Habitats Regulations: limits on powers to amend

Baroness Young, chair of the Woodland Trust and former chief executive of the Environment Agency, moved an amendment to ensure “that powers to amend the Habitats Regulations may only be used for the purposes of environmental improvement following consultation. It ensures that the level of environmental protection that must be maintained includes protection for important habitats, sites and species as well as overall environmental protection

It was passed 201 to 186.

The amendment provides that the Secretary of State may only amend the regulations

for the purposes of—

(a) securing compliance with an international environmental obligation, or

(b) contributing to the favourable conservation status of species or habitats or the favourable condition of protected sites;

(c) if the regulations do not reduce the level of protection provided by the Habitats Regulations, including protection for protected species, habitats or sites; and

(i) following public consultation and consultation with—

(ii) the Office for Environmental Protection,

(iii) Natural England,

(iv) the Joint Nature Conservation Committee, and

(v) other relevant expert bodies.”

Duty to implement an enhanced protection standard for ancient woodland in England

Baroness Young moved an amendment “intended to address the more than 800 ancient woodlands in England that are currently threatened by development. As a large number of these threats result from indirect effects of development next to ancient woodland, these changes will improve the weight afforded to protecting these irreplaceable habitats in planning policy.”

It was passed 193 to 189.

The amendment introduces the following additional clause into the Bill:

(1) The Government must implement an enhanced protection standard for ancient woodland, hereafter referred to as the “ancient woodland standard” in England as set out in subsections (2), (3) and (4) and this must have immediate effect.

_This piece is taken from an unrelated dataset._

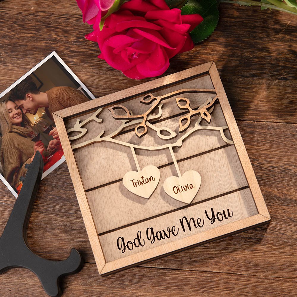 This beautiful wood decor is 5.25" wide and 5.25" tall, and have 2 hearts inside for you to custom couples name. 2 heart scattered on the branches also can be designed with 2 names to represent a special person's in your life. What's more, there is enough room at the bottom of the tree to customize the text you wish. It's a nice way to show your love and connection with she/he, just like a tree and its growing branches.

(2) The ancient woodland standard must set out the steps necessary to prevent further loss of ancient woodland in England.

(3) The ancient woodland standard commits the Government to adopting a Standard of protection which must be a requirement for all companies, persons or organisations involved in developments affecting ancient woodlands in England.

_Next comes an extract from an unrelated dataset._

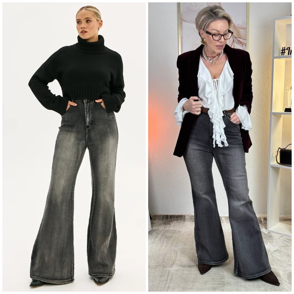 Здравствуйте, дорогие читатели! Меня зовут Ирина, я - стилист, и на этом канале показываю одежду и аксессуары с Wildberries такими, как они есть, то есть, из серии "ожидание/реальность". Мои параметры: рост 169 см, вес 67 кг, 94-74-100 ✅Основной канал: Стильно - не значит дорого! Ставьте лайк в поддержку канала, и давайте смотреть на мою сегодняшнюю покупку. Классные джинсы с высокой посадкой, клёш от колена. Такой фасон отлично подойдёт девушкам с верхним типом фигуры. Модель серого цвета, что позволяет максимально легко сочетать их с разными вещами. Они отлично смотрятся в образах в стиле бохо, который сейчас очень актуален. Из обуви к ним прекрасно подойдут казаки или ботильоны — они будут удлинять ноги. Ткань заслуживает отдельного внимания. Джинсы сшиты из плотного, но приятного к телу материала с хорошим содержанием хлопка. Добавление эластана обеспечивает идеальную степень стрейча: они мягко облегают бёдра, не сковывая движений, и действительно хорошо тянутся, обеспечивая лёгко

(4) This standard must be that—

(a) any development that causes direct loss to ancient woodland or ancient woodland and ancient and veteran trees must be refused unless there are wholly exceptional reasons and, in addition, a suitable compensation strategy must be in place prior to development commencing,

(b) any development adjacent to ancient woodland must incorporate a minimum 50-metre buffer to provide protection, reduce indirect damage and provide space for natural regeneration,

(c) any ancient or veteran trees must be retained within a development site, including a root protection area and appropriate buffer zone.

(5) This buffer zone must be whichever is greater of—

(a) an area which is a radius of 15 times the diameter of the tree with no cap, or

(b) 5 metres beyond the crown.”

The debate is here and Parliament’s summary of the House of Lords report stage is here.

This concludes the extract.